The 2018 corn harvest had been progressing nicely this fall as producers turned their attention to corn due to inclement weather which caused delays to the soybean harvest.
When the weather improved, soybean harvest picked up and corn harvest slowed to a more normal pace.
“The corn market is relatively quiet,” said Luke Swenson, president of The Money Farm, West Fargo, N.D., adding that corn harvest was in line with the five-year average as of Oct. 30. With dry weather across the Midwest, corn and soybean harvest crews made good progress.
“I don’t think, barring the current forecasts, we’re going to look at anything like we were in 2009 when we were dragging into the middle of November and dealing with a significant amount of harvest loss,” Swenson said.
He noted that some areas of the U.S. received heavy rains that will hurt yields.
“They’re going to have damage and loss there, however it’s not going to be anything monumental, but it is something that USDA will need to account for,” he said, adding that at some point, either in the November report or in the winter months, the market will probably see some offsetting of residual usage because of that.
On the futures side, the market slid down to the 50-day moving average and bounced again on Friday (Oct. 26).
“The traders can sell because there is nothing better to do, and there’s not really much conviction to go any other direction,” he said. “That’s not really going to change.”
One reason for that is the stalemate situation regarding the ongoing trade war with China. There were no new developments taking place as both countries were bickering ahead of the mid-term elections in the U.S.
“Chinese President Xi is not going to back down on anything before the election; he’s going to wait this out and see if he’s going to be in a better negotiating position or not come Nov. 7,” Swenson said.
Looking at the demand side of corn, another factor with a potential bearish headline is the fact that crude oil can’t get any legs under it and as a result the market is actually pulling back on ethanol prices as well.
“That’s the one thing hurting demand domestically a little bit as we go forward,” he said.
Local cash prices remained in the low $3 range. At one elevator in west central Minnesota regularly followed in this column, cash prices as of Oct. 31 were $3.14/bushel and the basis was 50 cents under. Looking ahead, April 2019 prices were at $3.25 and basis was 59 cents under.
As for recommendations for farmers, Swenson offered this: “Right now we’re sitting at 60 percent cash sold and we’ve got 40 percent left and we’re probably going to stay that way into the winter.
“We’re going to get through this harvest and see what everyone is looking at for final yields and what they’re looking at for storage and see where the export positions are sitting,” he continued. “We’re not in a hurry to add more sales. You’ve got a decent price average just shy of the $4 mark, and we don’t really want to add to it just with the way basis is at the moment.
“It’s going to strengthen out and they’re hopefully going to pay us a little bit for that carry, and then in the winter we’re going to take advantage of that carry going into next summer,” he added.

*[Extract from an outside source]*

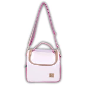 Bolsa Térmica Bebe Papinha Lanches Miellu Cor: Pink e Branco Bolsa Nécessaire Térmica Miellu temos Personalizada como no video, neste anuncio não esta incluso Bolsa nécessaire térmica desenvolvida especialmente para transporte de alimentos para seu bebê, com segurança e higiene. Em tamanho compacto, ideal para pote com refeição e acompanhamentos. EXTERIOR - Fabricada em material sintético material sintético material resistente e que não descasca e que pode ser facilmente limpo com pano úmido; - Alças reforçadas para aguentar o peso; - Design diferenciado e compacto para trazer comodidade na utilização; - Acompanham alça de mão e alça de ombro removível. - Ferragens em dourado INTERIOR - Forrada em material branco liso, de fácil limpeza e resistente a água; DIMENSÕES - Altura: 17cm - Largura: 21,5cm - Profundidade: 18cm
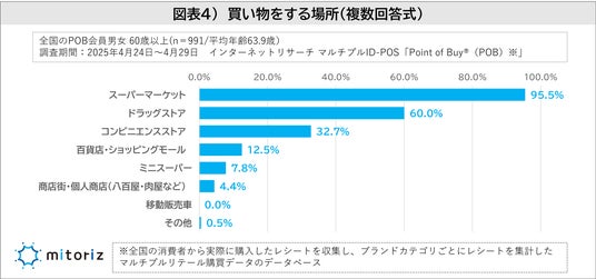 買い物先は「スーパー」が95.5%で一強、次点は「ドラッグストア」で「コンビニ」の1.8倍に

Swenson doesn’t foresee a repeat of last March when USDA averaged up the yields and test weights.
In the meantime, Swenson doesn’t feel there will be much change in the market as producers work their way toward completing this year’s harvest and wait for new developments in the ongoing trade war.
“Outside of the word ‘China’ there really hasn’t been much for developments in the last five months, unfortunately,” he concluded.